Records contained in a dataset
========================================================================

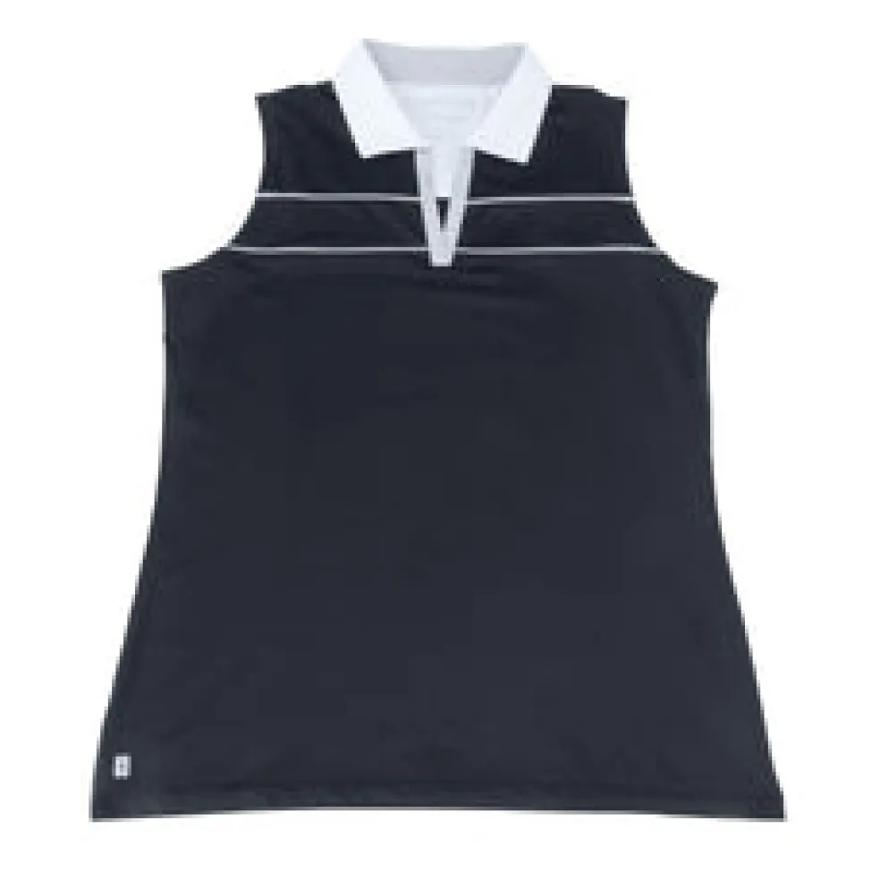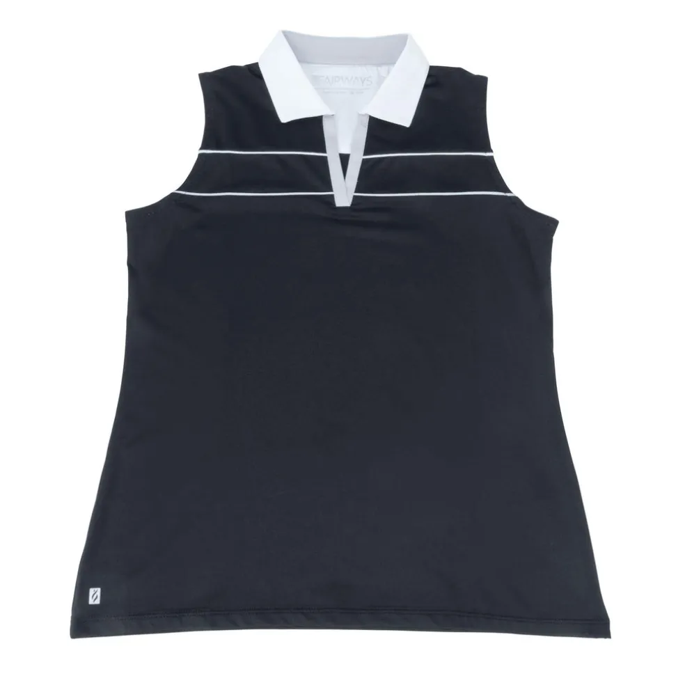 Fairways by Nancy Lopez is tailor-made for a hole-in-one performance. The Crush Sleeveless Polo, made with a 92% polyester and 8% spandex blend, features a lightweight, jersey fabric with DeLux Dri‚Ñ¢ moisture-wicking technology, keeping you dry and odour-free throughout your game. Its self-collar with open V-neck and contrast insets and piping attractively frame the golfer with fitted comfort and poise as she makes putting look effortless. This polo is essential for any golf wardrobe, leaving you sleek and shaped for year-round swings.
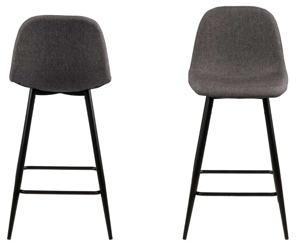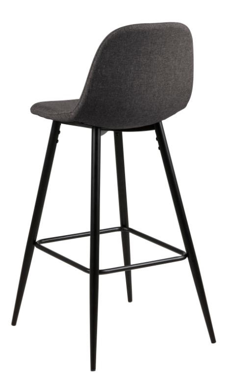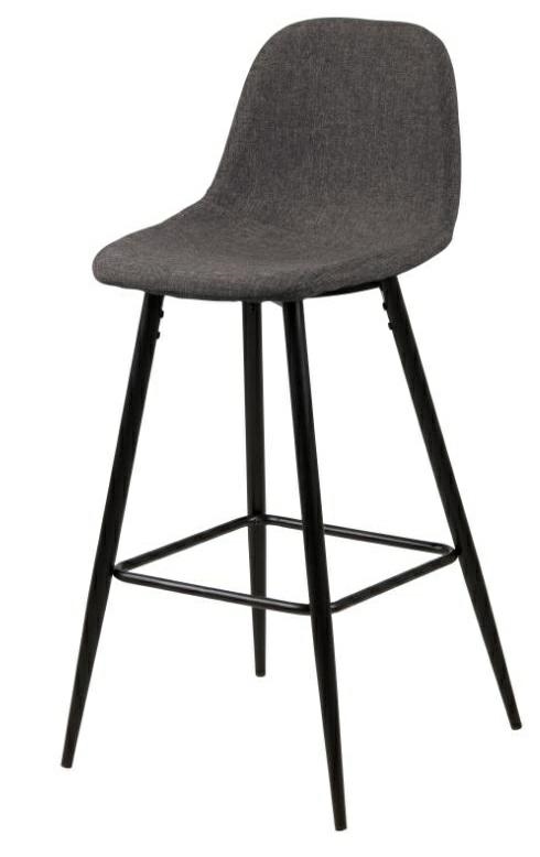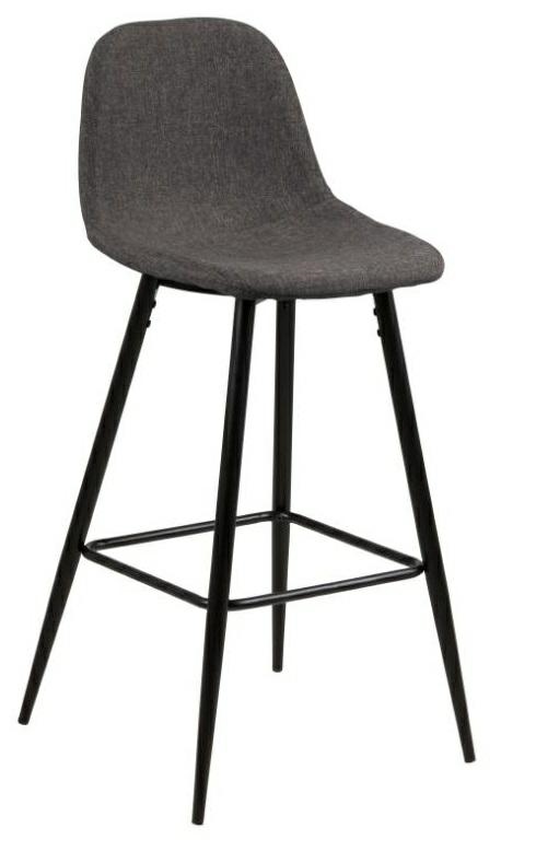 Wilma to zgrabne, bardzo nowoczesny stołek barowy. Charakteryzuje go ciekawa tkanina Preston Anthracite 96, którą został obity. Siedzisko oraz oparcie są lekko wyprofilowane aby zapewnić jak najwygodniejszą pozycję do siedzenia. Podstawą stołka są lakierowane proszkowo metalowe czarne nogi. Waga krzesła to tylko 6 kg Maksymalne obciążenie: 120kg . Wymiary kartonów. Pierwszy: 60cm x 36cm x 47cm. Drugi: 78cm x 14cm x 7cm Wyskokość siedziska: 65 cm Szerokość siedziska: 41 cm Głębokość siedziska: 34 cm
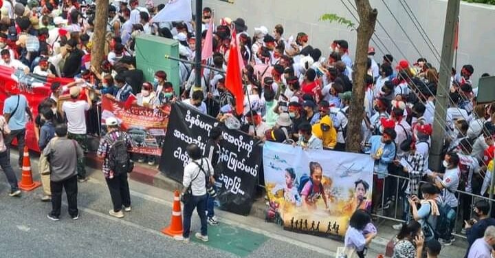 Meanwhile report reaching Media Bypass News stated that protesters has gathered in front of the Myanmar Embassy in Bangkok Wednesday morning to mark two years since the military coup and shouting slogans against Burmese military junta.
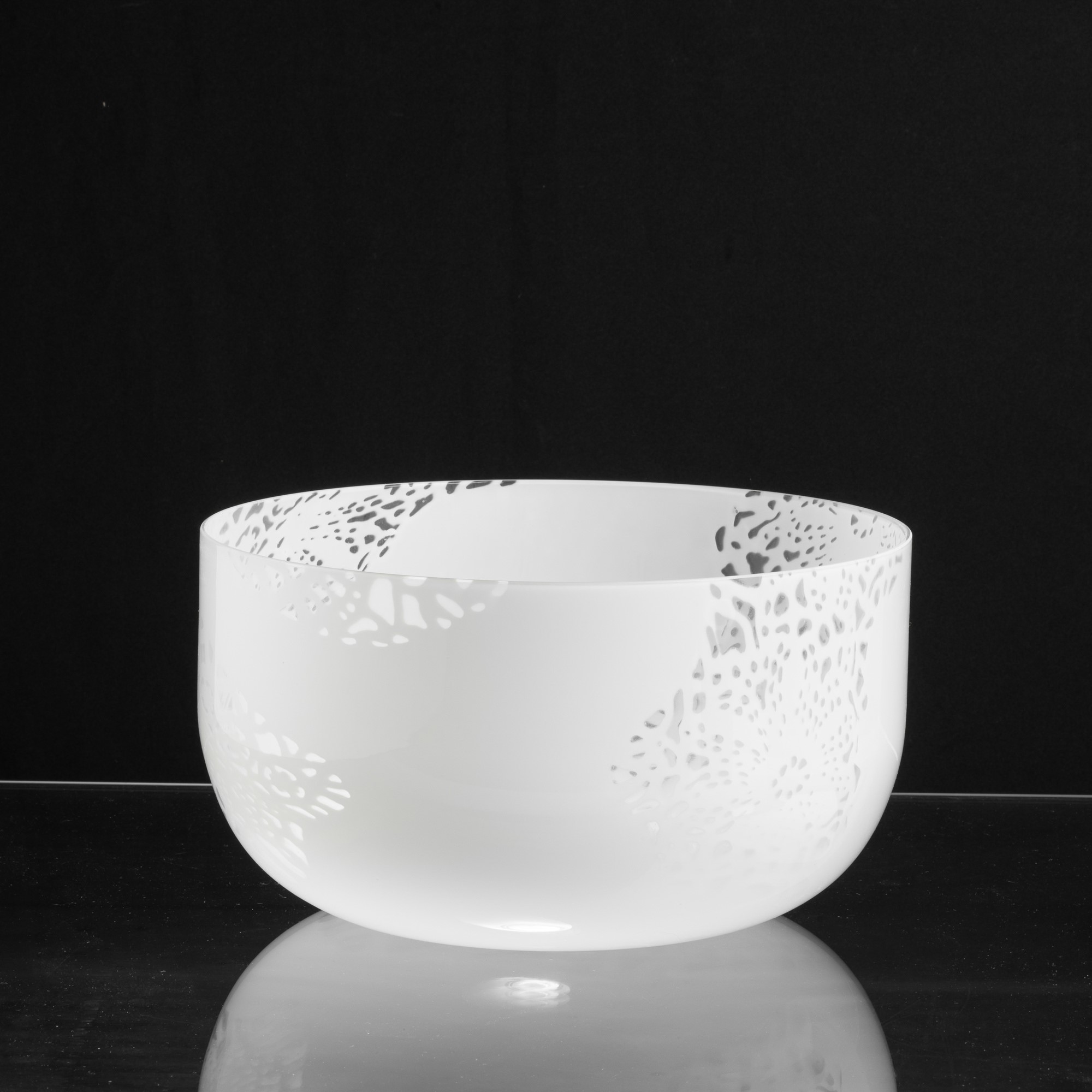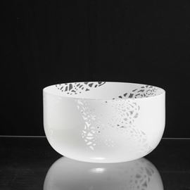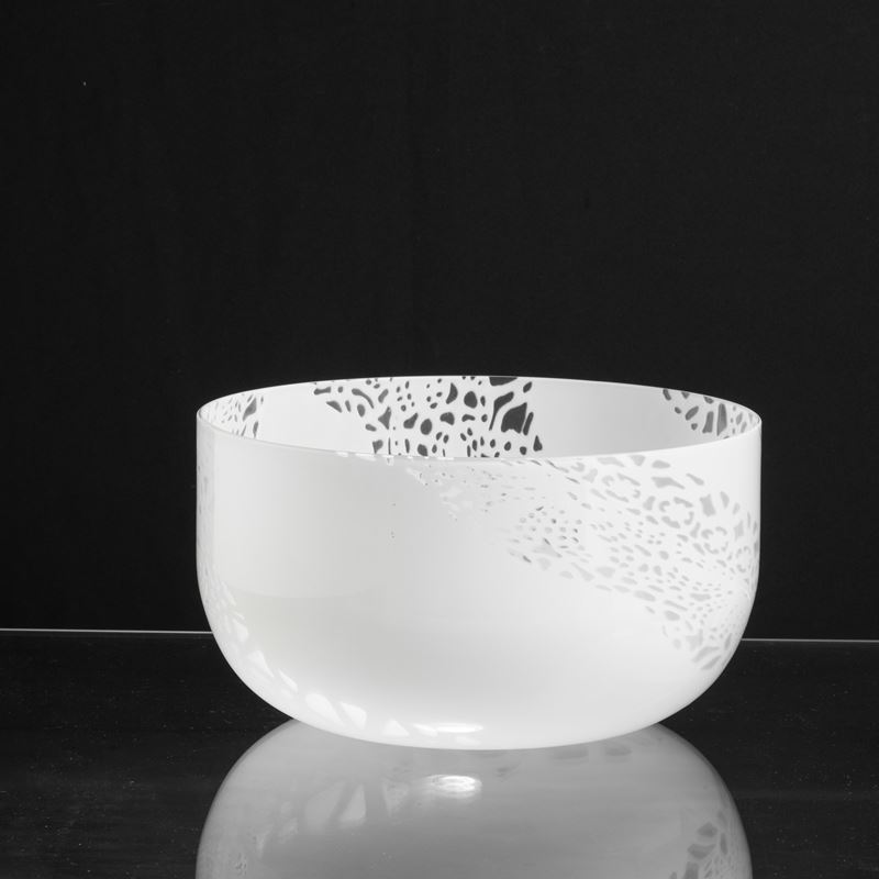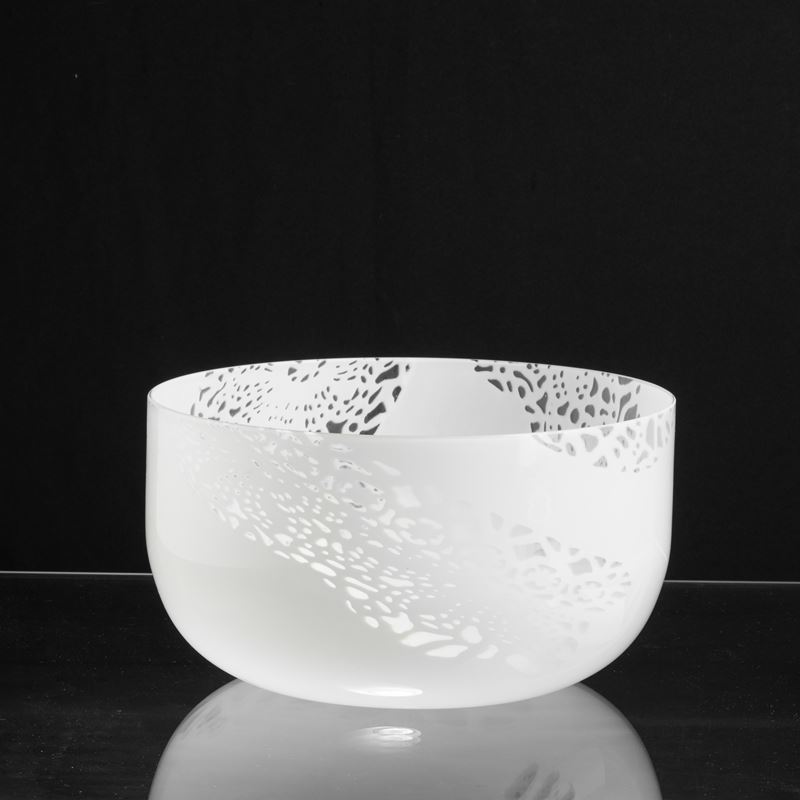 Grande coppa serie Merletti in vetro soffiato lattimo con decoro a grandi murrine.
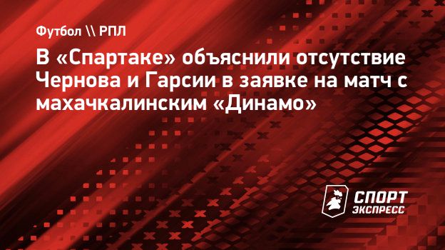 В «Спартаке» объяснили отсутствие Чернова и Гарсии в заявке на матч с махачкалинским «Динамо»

========================================================================

Using the entries above, transcribe exactly from the line that has "Meanwhile report reaching" through the line that has "Grande coppa serie". Pictures are dropped.

• Solution for this task:
 Meanwhile report reaching Media Bypass News stated that protesters has gathered in front of the Myanmar Embassy in Bangkok Wednesday morning to mark two years since the military coup and shouting slogans against Burmese military junta.
 Grande coppa serie Merletti in vetro soffiato lattimo con decoro a grandi murrine.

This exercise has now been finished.